Data for this exercise:
☆ ☆ ☆
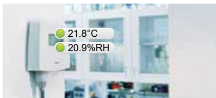
Mesures en continu affichées sur une photo réelle de l'environnement surveillé
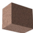
L x B x H in cm: 17,5 x 30,0 x 24,8 Ergänzungsstein
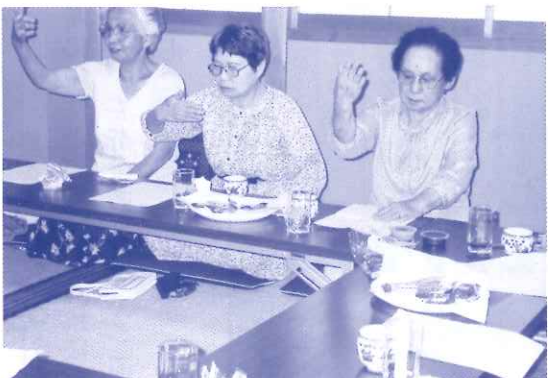
▲手話練習応用の指運動

ボランティア有志会は創立以来一二年、地区住民の福祉に軸足をのけた活動をしています。寝たきり防止、ひきこもり症候群の防止、老人性痴呆症の防止対策として、納涼大会・菊展・地区の文化祭など地域の催しに積極的に参加して貰うよう外出の介助をしたり、四季のう
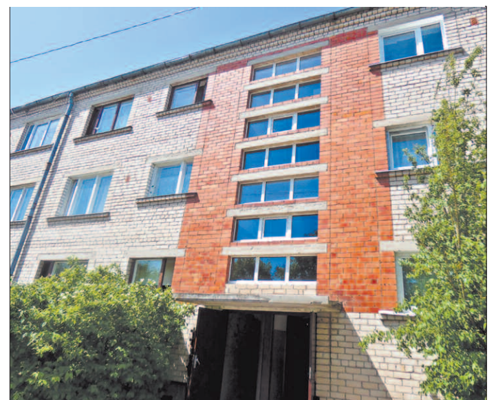
Jaunie PVC logi Viļānu ielā 2

Dzīvokļu īpašniekus aicinām izturēties saudzīgi pret kopīpašumu, saudzīgi atvērt un aizvērt durvis, nebojāt apgaismes ķermeņus un slēdzus, rūpēties par tīrību kāpnu telpās. Tikai darbojoties savstarpējā cieņā un sapratnē iespējama veiksmīga daudzdzīvokļu dzīvojamā māju apsaimniekošana!
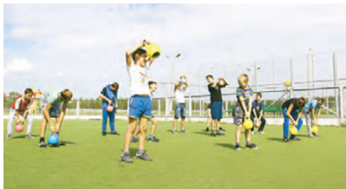
«Добрая сила» - проект, который сделает вас здоровыми и сильными
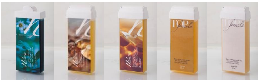
Азулен Жемчужный Мед Натуральный Золотой Formula
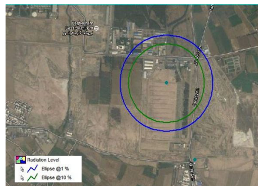
شکل ۳- خطوط گسترش درصد مرگ‌ومیر در نتیجه آتش کروی (ماه‌های گرم)
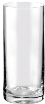
VASO HIGHBALL REF: VAG1605LD

Capacidad / Capacity: 440 ml / 14,88 oz. Diámetro / Diameter: 70 mm. Altura / Height: 161 mm. 6 unidades por caja / pieces per box.
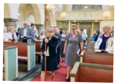
Procession inledde gudstjänsten.
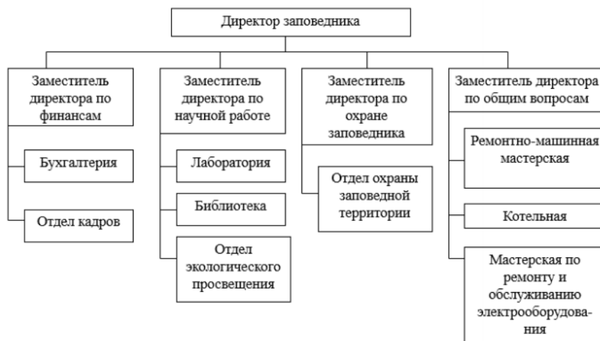
Рисунок 1. Организационная структура ФГУ «Государственный природный заповедник «Северная звезда»

Деятельность ФГУ «Государственный природный заповедник «Северная звезда» осуществляется на основе сметного финансирования из федерального государственного бюджета. Организационная структура представлена на рисунке 1.
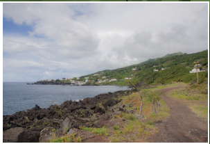
Calheta de Nesquim Calheta de Nesquim
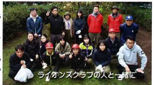
ライオンズクラブの人と一緒に

前回の清掃時は台風の後だったので、たくさんの葉が落ちていましたが、今回は落ち葉などのゴミの量はあまり多くありませんでした。
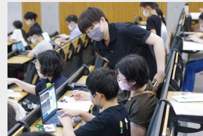
▲学生メンターによるフォロー
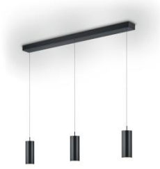
HELLI Pendant lamp 51.511.xx 6 x 8 W LED, 2.700 K, 4.280 lm, EEL-E
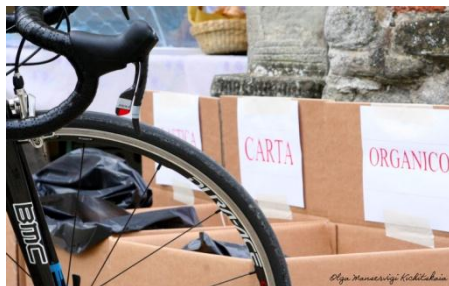
RavoRando 2012 ASD GS Ravonese Bologna
☆ ☆ ☆
The answer should be the records above, unchanged, with the pictures omitted.

Your response:
Mesures en continu affichées sur une photo réelle de l'environnement surveillé
L x B x H in cm: 17,5 x 30,0 x 24,8 Ergänzungsstein
▲手話練習応用の指運動

ボランティア有志会は創立以来一二年、地区住民の福祉に軸足をのけた活動をしています。寝たきり防止、ひきこもり症候群の防止、老人性痴呆症の防止対策として、納涼大会・菊展・地区の文化祭など地域の催しに積極的に参加して貰うよう外出の介助をしたり、四季のう
Jaunie PVC logi Viļānu ielā 2

Dzīvokļu īpašniekus aicinām izturēties saudzīgi pret kopīpašumu, saudzīgi atvērt un aizvērt durvis, nebojāt apgaismes ķermeņus un slēdzus, rūpēties par tīrību kāpnu telpās. Tikai darbojoties savstarpējā cieņā un sapratnē iespējama veiksmīga daudzdzīvokļu dzīvojamā māju apsaimniekošana!
«Добрая сила» - проект, который сделает вас здоровыми и сильными
Азулен Жемчужный Мед Натуральный Золотой Formula
شکل ۳- خطوط گسترش درصد مرگ‌ومیر در نتیجه آتش کروی (ماه‌های گرم)
VASO HIGHBALL REF: VAG1605LD

Capacidad / Capacity: 440 ml / 14,88 oz. Diámetro / Diameter: 70 mm. Altura / Height: 161 mm. 6 unidades por caja / pieces per box.
Procession inledde gudstjänsten.
Рисунок 1. Организационная структура ФГУ «Государственный природный заповедник «Северная звезда»

Деятельность ФГУ «Государственный природный заповедник «Северная звезда» осуществляется на основе сметного финансирования из федерального государственного бюджета. Организационная структура представлена на рисунке 1.
Calheta de Nesquim Calheta de Nesquim
ライオンズクラブの人と一緒に

前回の清掃時は台風の後だったので、たくさんの葉が落ちていましたが、今回は落ち葉などのゴミの量はあまり多くありませんでした。
▲学生メンターによるフォロー
HELLI Pendant lamp 51.511.xx 6 x 8 W LED, 2.700 K, 4.280 lm, EEL-E
RavoRando 2012 ASD GS Ravonese Bologna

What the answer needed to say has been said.